You might be thinking that getting running socks is that important? Yes, just like shoes, socks also hold great importance. As a beginner, you will be confused about selecting the right pair of running socks. 

It’s better to purchase few pair of running sock and after knowing which sits best with you. You can stock up running socks later. Here tips that can help you select the correct pair of running socks are mentioned below.

  • Always go for the breathable ones. 
  • Running socks should be able to absorb or wipe away moisture from your feet, as running with wet feet bothers you a lot. Wet feet can also cause blisters.
  • Running socks should be stretchy and fit well when you put them on your feet. Otherwise, they can wrinkle down, making you uncomfortable at the same time can cause blisters.
  • It’s better to select two layer socks. They are a bit expensive but worth buying. The two layer running socks protect you from getting blisters and bruises while running.

Water Proof Plasters

During running, there are chances that you may get blisters. As a safety measure, you should keep them while going for long distance running. They don’t require much space. You can stick them in your pocket.

Warm-Up before Running

Before you go out on the run, warm up yourself by stretching. It’s important to warm up before a run. It will boost up your performance, and you can crush the track or even treadmill. There are many pre-run exercises you can go for, as upper body stretches, leg sweeps, reverse lunge with a twist and many more. 

Increasing The Distance Gradually

If you have never been into running a program, you can’t cover miles with in one day. So you need to set small goals initially. If you are inactive for many days, start with walking and then jump to running. Keep a check on your body. If you don’t see any blisters, soreness and joint issues, you can increase your running time. 
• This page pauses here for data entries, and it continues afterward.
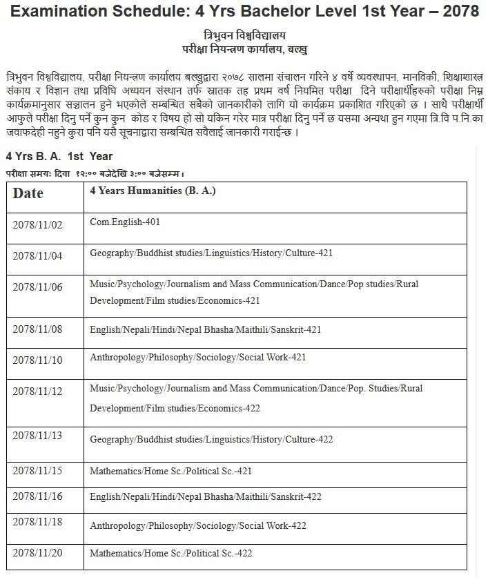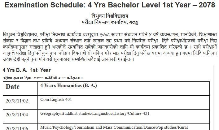 Tribhuvan University (TU) has published examination routine of BA (Humanities) first year 2078.
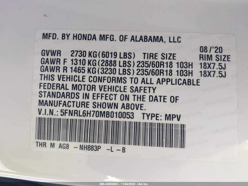 Цвет БелыйЦилиндры 6Привод Передний приводVIN 5FNRL6H70MB010053Состояние СтационарноПовреждения Передняя или задняя
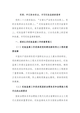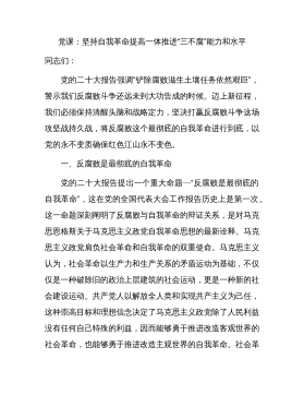党课:坚持自我革命提高一体推进“三不腐”能力和水平同志们:党的二十大报告强调“铲除腐败滋生土壤任务依然艰巨”,警示我们反腐败斗争还远未到大功告成的时候。迈上新征程,我们必须保持清醒头脑和战略定力,坚决打赢反腐败斗争这场攻坚战持久战,将反腐败这个最彻底的自我革命进行到底,以党的永不变质确保红色江山永不变色。一、反腐败是最彻底的自我革命党的二十大报告提出一个重大命题—“反腐败是最彻底的自我革命”,这在党的全国代表大会工作报告历史上是第一次。这一命题深刻阐明了反腐败与自我革命的辩证关系,是对马克思恩格斯关于马克思主义政党自我革命思想的最新诠释。马克思主义政党肩负社会革命和自我革命的双重使命。马克思主...
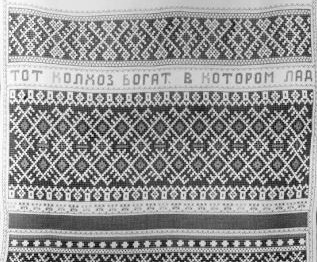 Калужские архитекторы Павел Перминов и Евгений Киреев искали пути, как сделать непривлекательные фасады жилых микрорайонов запоминающимися, и обратили внимание на альбом калужских вышивок, составленный Маргаритой Гумилевской. Внимание Павла Перминова привлекли богатые фактурные возможности перевити, орнамент которой строго геометризирован, – он создается по выдернутым ниткам, продольным и поперечным. Это стало толчком к появлению рисунков по тарусским мотивам на калужских панельных хрущевках.
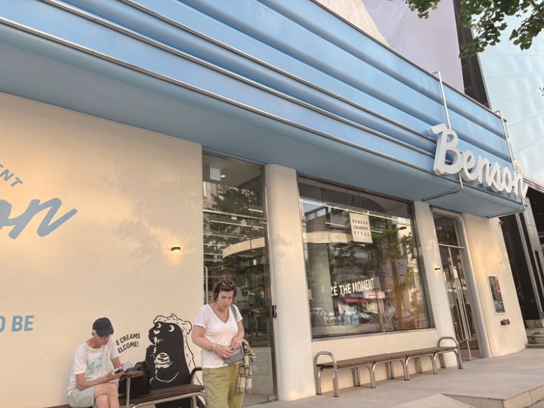 유통망도 잘 갖췄다. 플래그십 스토어(브랜드를 상징하는 매장)인 1호점은 벤슨의 '프리미엄 포지셔닝'을 잘 보여준다. 매장 규모는 전용면적 795㎡(약 241평)로 지하 1층부터 지상 2층까지 3개층으로 운영 중이다. 지하 1층은 아이스크림 설비와 제조 과정을 직접 볼 수 있는 체험형 공간 '크리머리 랩(Creamery Lab)'으로 꾸몄다.
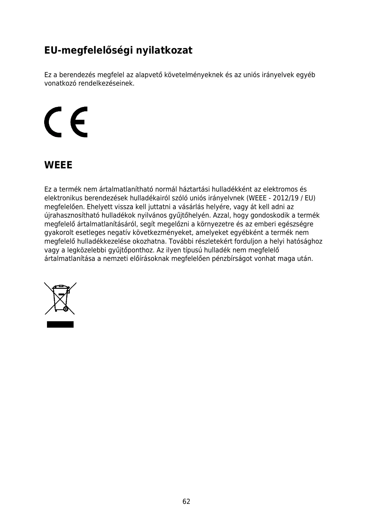 Ez a termék nem ártalmatlanítható normál háztartási hulladékként az elektromos és

If you plan to start with a walk, you can alternate it with jogging, then gradually running. If you don’t encounter any joint related issues, then Increase the time of your running. Increasing your running and distance will help you increase your stamina and build up for long distance running.

Stay Hydrated

Why do we feel thirsty when we run? Well, the answer to this when we run, we sweat, and when we sweat, we lose a lot of liquid and salt from our body. It makes our blood thicker and causes our heart to beat faster to provide blood to the body organ and tissues. 

So if you dehydrated due to a lack of water within your body, it would affect your running ability because your heart has to beat a bit harder. Dehydration can lead to severe health complications. When you are running, you have to keep yourself hydrated as you are losing water in sweat from the body. 

You should take water with you while you are heading running. Don’t drink water before running unless you are thirsty, as it will make you feel full and may affect your running ability. Take a water bottle with you, and whenever your feel thirsty, drink enough water. It will boost up your running performance.

Healthy Food Intake

Running is a cardio exercise that aids you in weight loss; how this weight loss is possible? Your body burns calories that you take by consuming food during running. In this way, you lose weight.

Before starting long distance running, you should have a pre-workout snack. It helps to retain your blood sugar level in a normal range while running. If you are not taking enough calories, you will ultimately feel weak and tired after a few minutes of running.

Add a good amount of carbohydrates and protein to your diet. Lack of protein diet will reduce muscle mass, making you lean and ultimately unfit for long distance running. Avoid junk foods and alternate them with foods rich in vitamins and minerals.